In September 2011 Alan Gilbert became Director of Conducting and Orchestral Studies at The Juilliard School, where he is also the first holder of Juilliard’s William Schuman Chair in Musical Studies. Conductor laureate of the Royal Stockholm Philharmonic Orchestra and principal guest conductor of Hamburg’s NDR Symphony Orchestra, he regularly conducts leading orchestras nationally and internationally, such as the Boston Symphony Orchestra, Amsterdam’s Royal Concertgebouw Orchestra, Berlin Philharmonic, Orchestra della Accademia Nazionale di Santa Cecilia, and Orchestre de Paris. His 2014–15 season engagements include appearances with Leipzig’s Gewandhaus Orchestra, opening its season and on tour; The Philadelphia Orchestra; Munich Philharmonic; Berlin Philharmonic; NDR Symphony Orchestra; and Mozart’s Don Giovanni at The Metropolitan Opera in February 2015.

Alan Gilbert made his acclaimed Metropolitan Opera debut in 2008 leading John Adams’s Doctor Atomic; the DVD and Blu-ray of this production received the 2012 Grammy Award for Best Opera Recording. Renée Fleming’s recent Decca recording Poèmes, on which he conducted, received a 2013 Grammy Award. Earlier releases garnered Grammy Award nominations and top honors from the Chicago Tribune and Gramophone magazine.
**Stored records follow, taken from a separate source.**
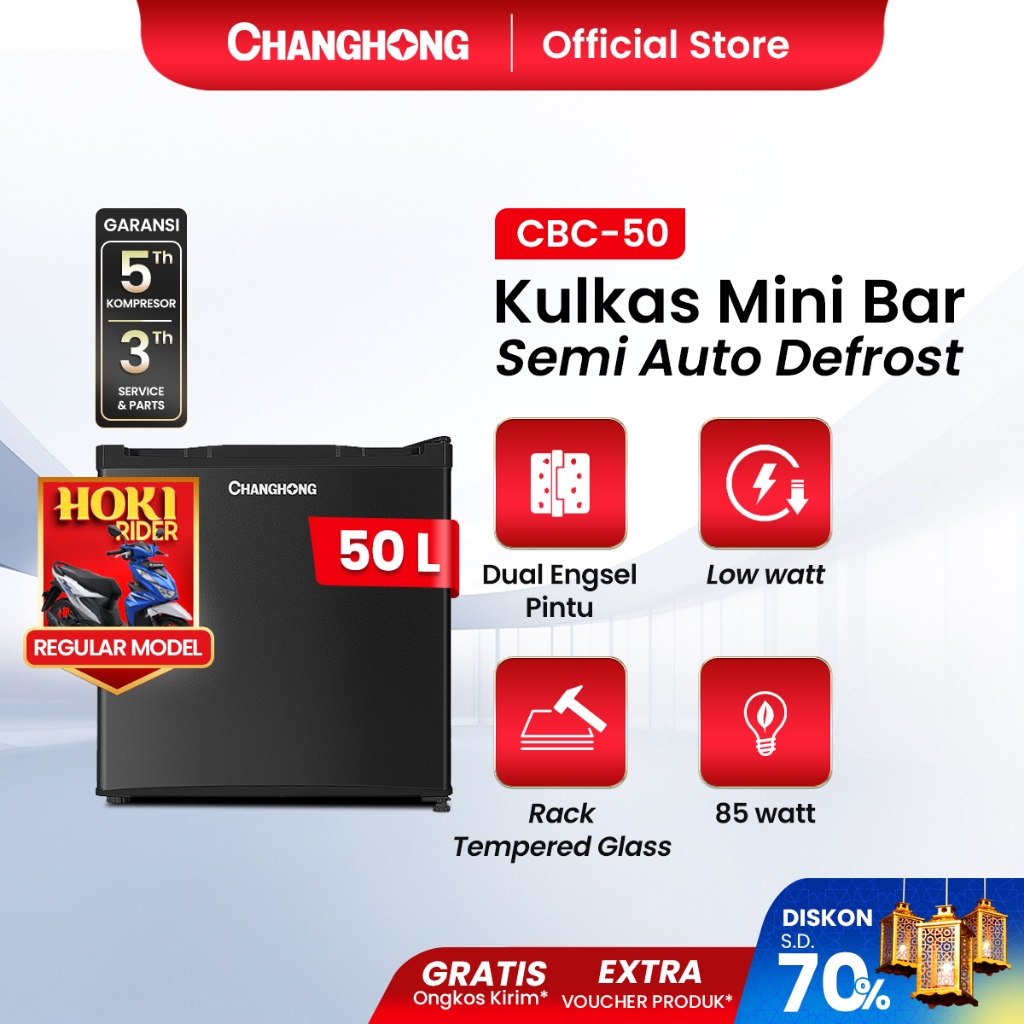 [SMART CHOICE] Changhong Kulkas Mini Bar (Refrigerator) Lemari Es Kapasitas 50 Liter CBC 50 (Semi Auto Defrost) (Adjustable Door Bisa Di Buka dari Kiri/Kanan) (Kulkas Simple Minimalis) (Freezer Yang Terpisah) (Tidak Bising)
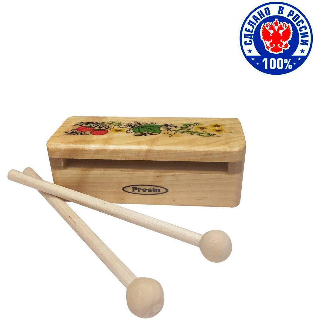 Коробочку, причем не одну можно встретить в любом музыкальном коллективе. Этот инструмент никогда не бывает лишним и техника игры на нем обычно не вызывает вопросов: ритмичные удары колотушкой различной интенсивности и силы по поверхности коробочки создадут необходимый музыкальный рисунок.
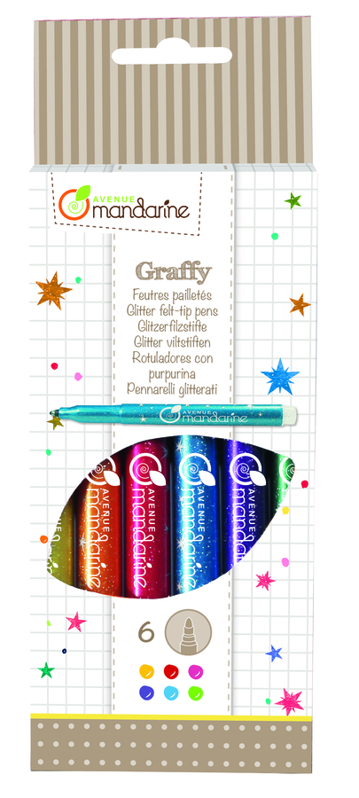 Ten zestaw flamastrów to idealne wyposażenie do szkoły, na wycieczki i do domowego tworzenia. Koloruj kolorowanki, twórz napisy, ozdabiaj kartki z życzeniami lub dodawaj blasku gdzie tylko chcesz. Brokatowe flamastry marki Avenue Mandarine to gwarancja jakości i zabawy dla małych i większych artystów.

Mr. Gilbert studied at Harvard University, The Curtis Institute of Music, and Juilliard and was assistant conductor of The Cleveland Orchestra (1995–97). In May 2010 he received an Honorary Doctor of Music degree from Curtis, and in December 2011 he received Columbia University’s Ditson Conductor’s Award for his “exceptional commitment to the performance of works by American composers and to contemporary music.” In 2014 he was elected to The American Academy of Arts & Sciences.

Visit Alan Gilbert's Official Website

Matthew VanBesien

Matthew VanBesien is President and Executive Director of the New York Philharmonic, having joined the organization as Executive Director Designate in March 2012 and becoming Executive Director in September of that year. Since coming to the Philharmonic he has expanded the Orchestra’s role as a resource to its hometown community, such as through the inaugural NY PHIL BIENNIAL in the spring of 2014, and across the country and globally, evidenced in the new collaborations that have created a partnership with the Music Academy of the West in Santa Barbara, California, and the Shanghai Orchestra Academy and Residency.

Previously, Mr. VanBesien served as managing director of the Melbourne Symphony Orchestra (2010–12); this followed positions at the Houston Symphony as executive director and chief executive officer (2005–10) and general manager (2003–05). He is a member of the Board of Overseers for The Curtis Institute of Music in Philadelphia, one of the leading conservatories in the United States, and he serves on the Executive Committee for the Avery Fisher Career Grants, which provides professional assistance and recognition to talented instrumentalists.

A native of St. Louis, Missouri, Matthew VanBesien earned a bachelor of music degree in French horn performance from Indiana University. As a professional musician, he was second French horn of the Louisiana Philharmonic Orchestra in New Orleans from 1992 to 2000. In the 2001–02 season he completed the League of American Orchestras’ Orchestra Management Fellowship Program, when he worked at a variety of American orchestras and festivals. In May 2014 Mr. VanBesien received an Honorary Doctor of Musical Arts degree from Manhattan School of Music. He is married to Rosanne Jowitt, a geoscientist.